Taking only the lines of the data below from the line with "Ova mehanička vaga" to the line with "першого дня ми", ends included, write them out exactly and without pictures.

INPUT DATA.
---+---

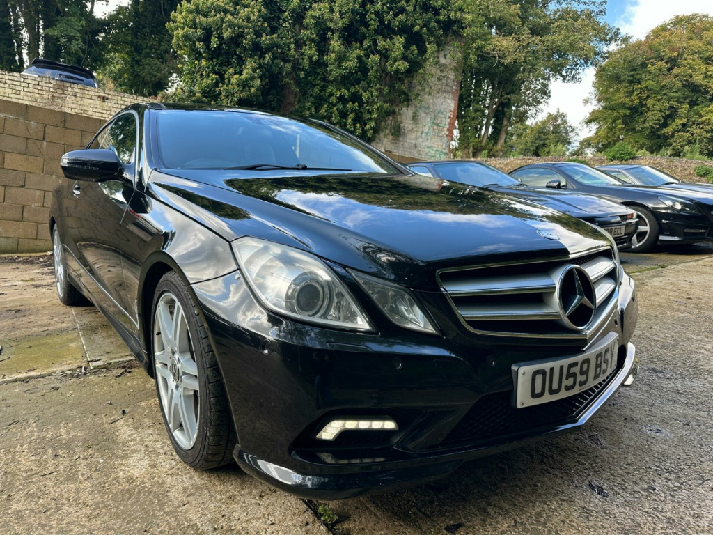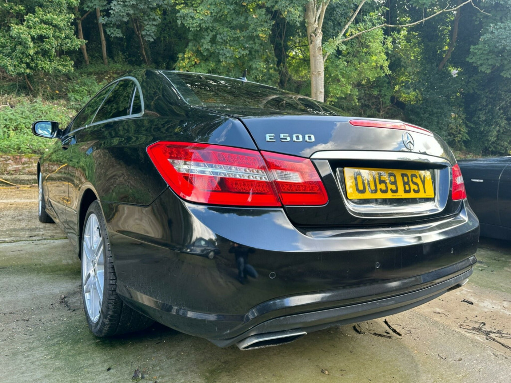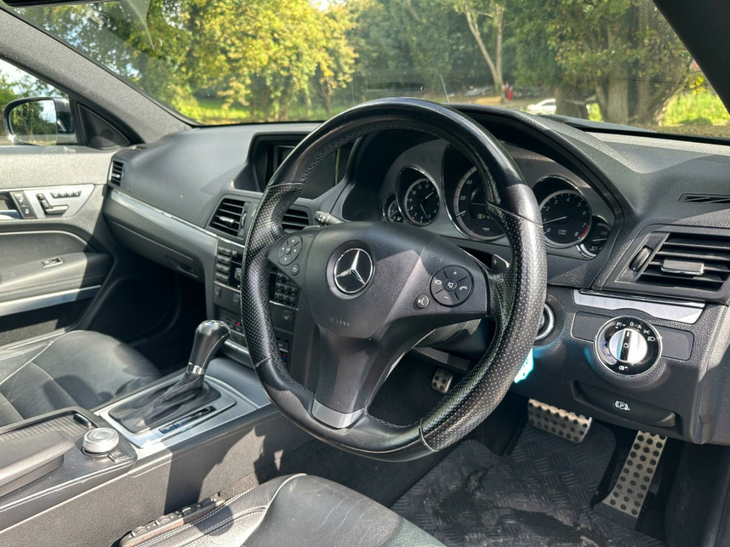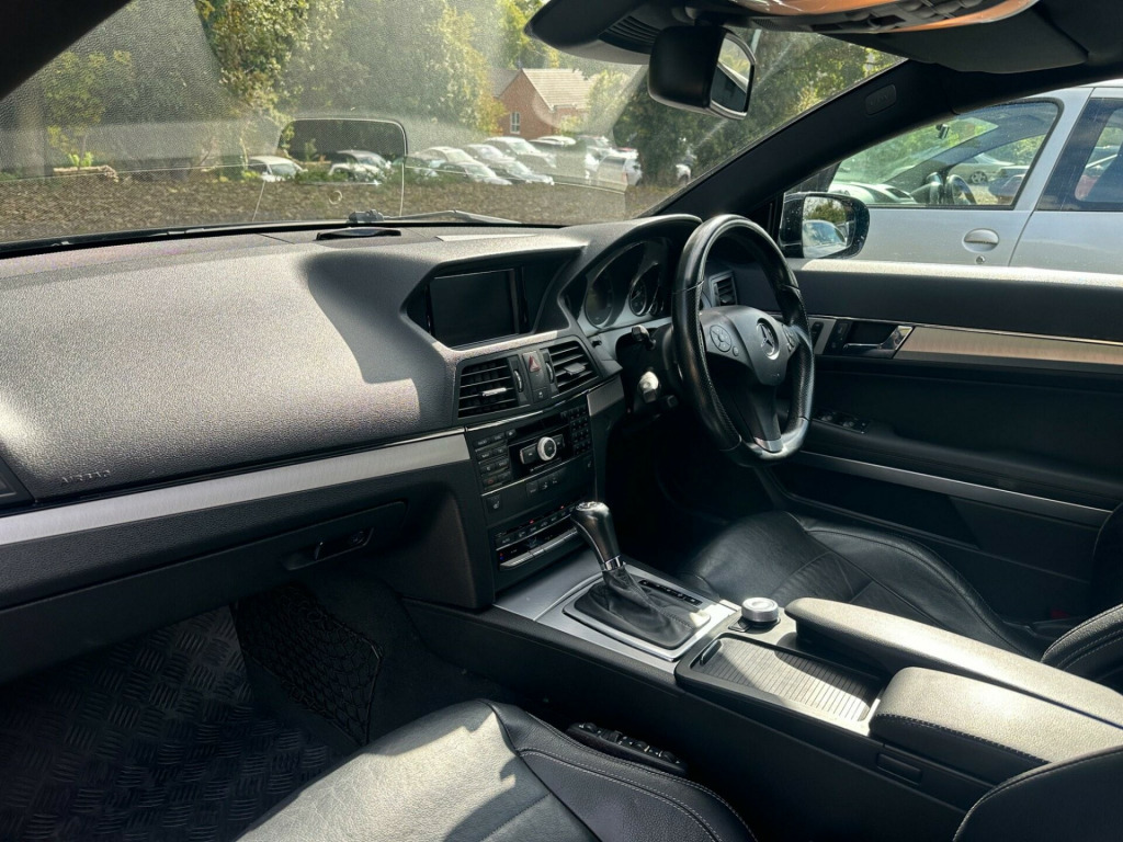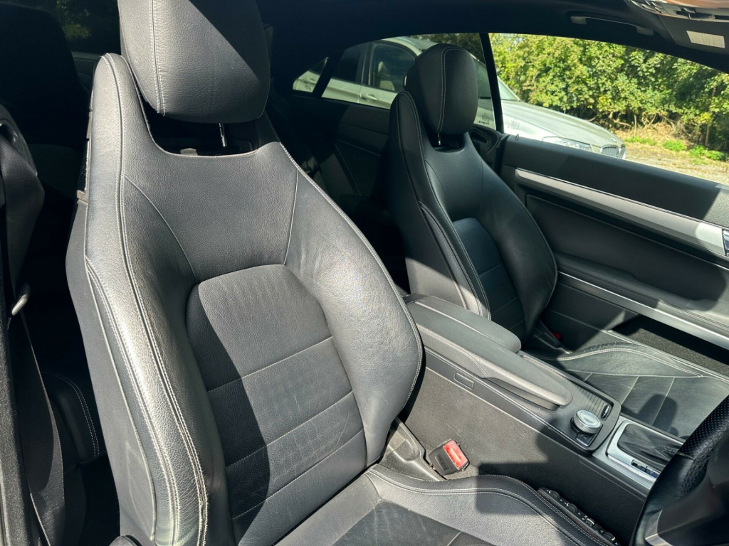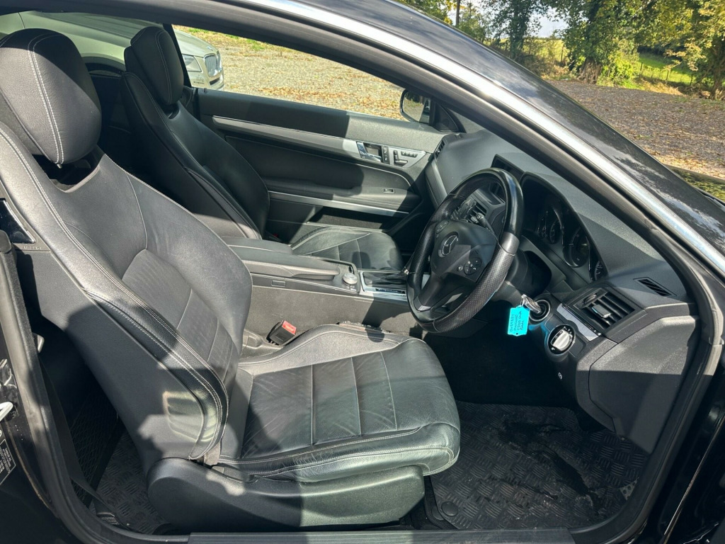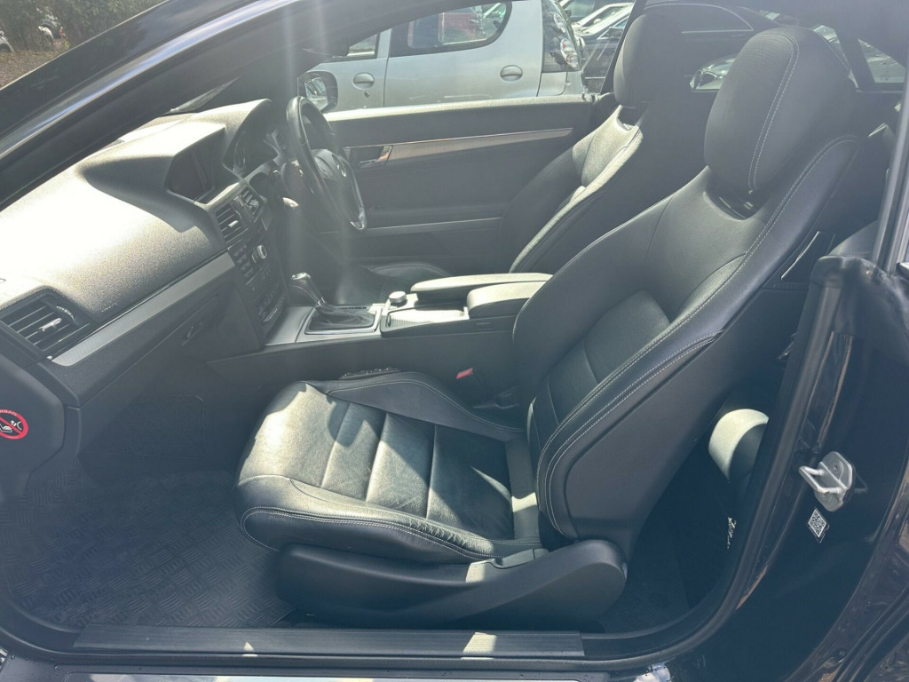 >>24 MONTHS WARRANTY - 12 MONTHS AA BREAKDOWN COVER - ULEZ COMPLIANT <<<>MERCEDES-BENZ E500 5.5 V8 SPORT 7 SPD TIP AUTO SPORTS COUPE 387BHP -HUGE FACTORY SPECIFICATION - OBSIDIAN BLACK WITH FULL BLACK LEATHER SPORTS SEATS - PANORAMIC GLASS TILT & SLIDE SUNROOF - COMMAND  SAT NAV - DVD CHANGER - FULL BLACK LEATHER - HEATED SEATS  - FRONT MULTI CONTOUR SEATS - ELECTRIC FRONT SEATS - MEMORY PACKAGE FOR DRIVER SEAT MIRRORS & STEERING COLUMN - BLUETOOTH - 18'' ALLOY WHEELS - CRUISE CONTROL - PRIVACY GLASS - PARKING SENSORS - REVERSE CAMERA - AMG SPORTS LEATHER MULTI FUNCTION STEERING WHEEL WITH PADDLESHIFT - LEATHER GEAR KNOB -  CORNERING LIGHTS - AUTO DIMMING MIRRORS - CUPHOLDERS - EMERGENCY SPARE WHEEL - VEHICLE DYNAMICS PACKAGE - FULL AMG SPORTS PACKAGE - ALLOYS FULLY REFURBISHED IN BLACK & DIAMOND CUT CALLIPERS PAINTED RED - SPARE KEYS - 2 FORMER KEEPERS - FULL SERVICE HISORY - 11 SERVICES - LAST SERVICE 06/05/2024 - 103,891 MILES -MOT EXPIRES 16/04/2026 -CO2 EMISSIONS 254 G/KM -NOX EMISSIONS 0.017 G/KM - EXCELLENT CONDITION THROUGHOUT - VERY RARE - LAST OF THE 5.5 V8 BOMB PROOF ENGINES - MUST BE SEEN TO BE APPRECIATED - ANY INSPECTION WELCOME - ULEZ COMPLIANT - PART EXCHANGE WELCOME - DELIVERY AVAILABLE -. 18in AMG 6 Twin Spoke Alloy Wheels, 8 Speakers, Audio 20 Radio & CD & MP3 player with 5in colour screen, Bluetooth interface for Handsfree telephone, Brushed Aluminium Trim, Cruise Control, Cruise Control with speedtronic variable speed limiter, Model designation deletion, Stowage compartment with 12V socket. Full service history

---+---

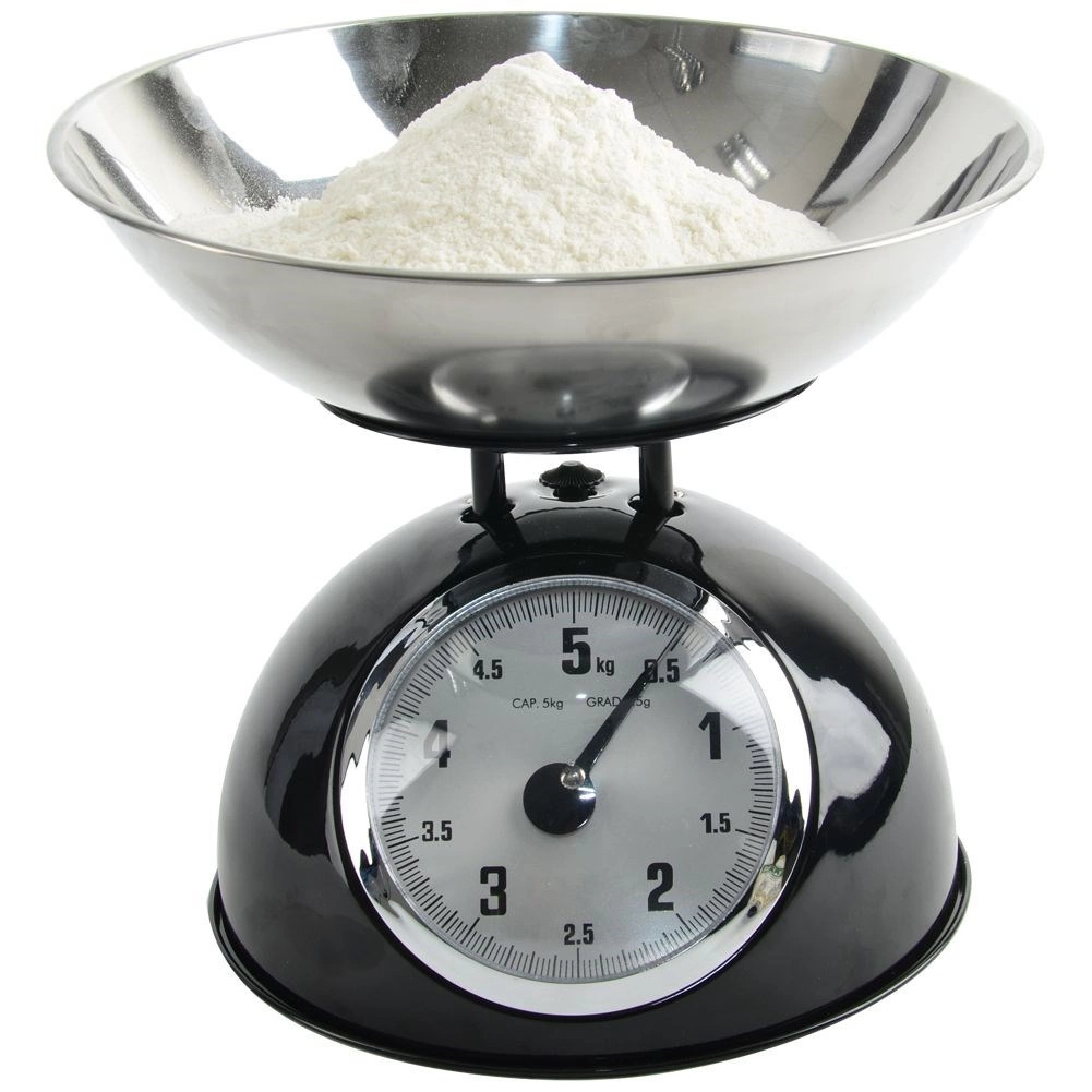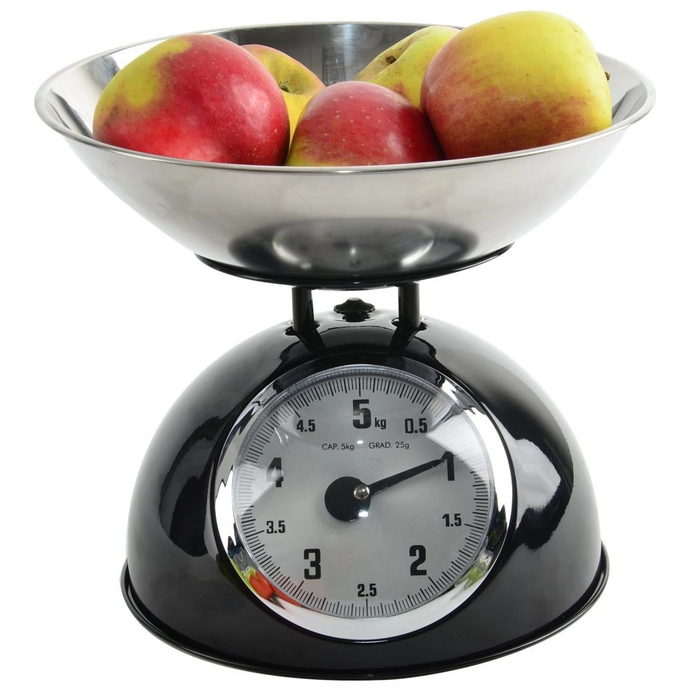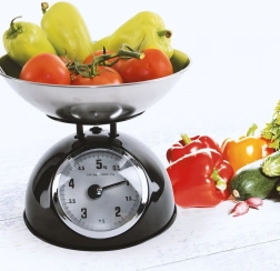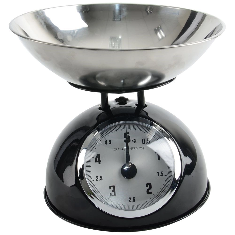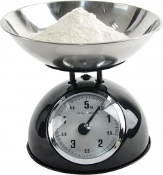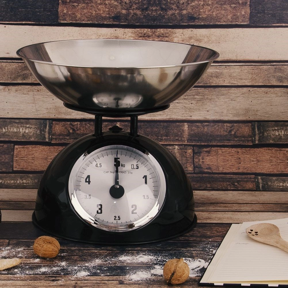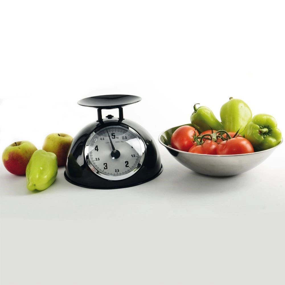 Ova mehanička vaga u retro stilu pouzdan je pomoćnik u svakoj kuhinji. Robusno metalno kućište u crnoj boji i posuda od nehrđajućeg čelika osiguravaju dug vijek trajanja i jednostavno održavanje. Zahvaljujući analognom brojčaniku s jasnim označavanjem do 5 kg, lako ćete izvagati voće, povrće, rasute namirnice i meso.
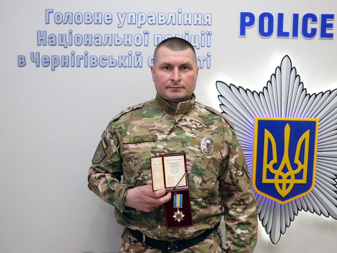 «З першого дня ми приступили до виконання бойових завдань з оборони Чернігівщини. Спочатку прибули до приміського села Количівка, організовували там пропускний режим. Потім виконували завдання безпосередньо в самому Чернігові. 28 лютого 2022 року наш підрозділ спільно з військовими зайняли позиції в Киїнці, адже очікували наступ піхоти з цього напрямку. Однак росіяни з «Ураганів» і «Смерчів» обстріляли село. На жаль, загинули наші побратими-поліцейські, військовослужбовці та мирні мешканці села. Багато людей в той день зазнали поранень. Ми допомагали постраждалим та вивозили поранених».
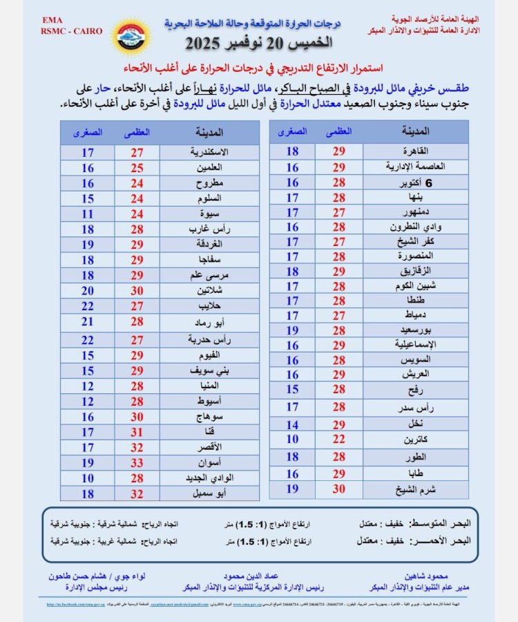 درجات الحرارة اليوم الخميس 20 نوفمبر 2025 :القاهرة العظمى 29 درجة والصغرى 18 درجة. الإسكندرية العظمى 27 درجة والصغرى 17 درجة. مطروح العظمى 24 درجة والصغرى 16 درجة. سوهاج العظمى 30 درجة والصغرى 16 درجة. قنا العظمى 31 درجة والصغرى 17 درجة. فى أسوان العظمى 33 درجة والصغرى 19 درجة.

---+---

SOLVED PROBLEM.
 Ova mehanička vaga u retro stilu pouzdan je pomoćnik u svakoj kuhinji. Robusno metalno kućište u crnoj boji i posuda od nehrđajućeg čelika osiguravaju dug vijek trajanja i jednostavno održavanje. Zahvaljujući analognom brojčaniku s jasnim označavanjem do 5 kg, lako ćete izvagati voće, povrće, rasute namirnice i meso.
 «З першого дня ми приступили до виконання бойових завдань з оборони Чернігівщини. Спочатку прибули до приміського села Количівка, організовували там пропускний режим. Потім виконували завдання безпосередньо в самому Чернігові. 28 лютого 2022 року наш підрозділ спільно з військовими зайняли позиції в Киїнці, адже очікували наступ піхоти з цього напрямку. Однак росіяни з «Ураганів» і «Смерчів» обстріляли село. На жаль, загинули наші побратими-поліцейські, військовослужбовці та мирні мешканці села. Багато людей в той день зазнали поранень. Ми допомагали постраждалим та вивозили поранених».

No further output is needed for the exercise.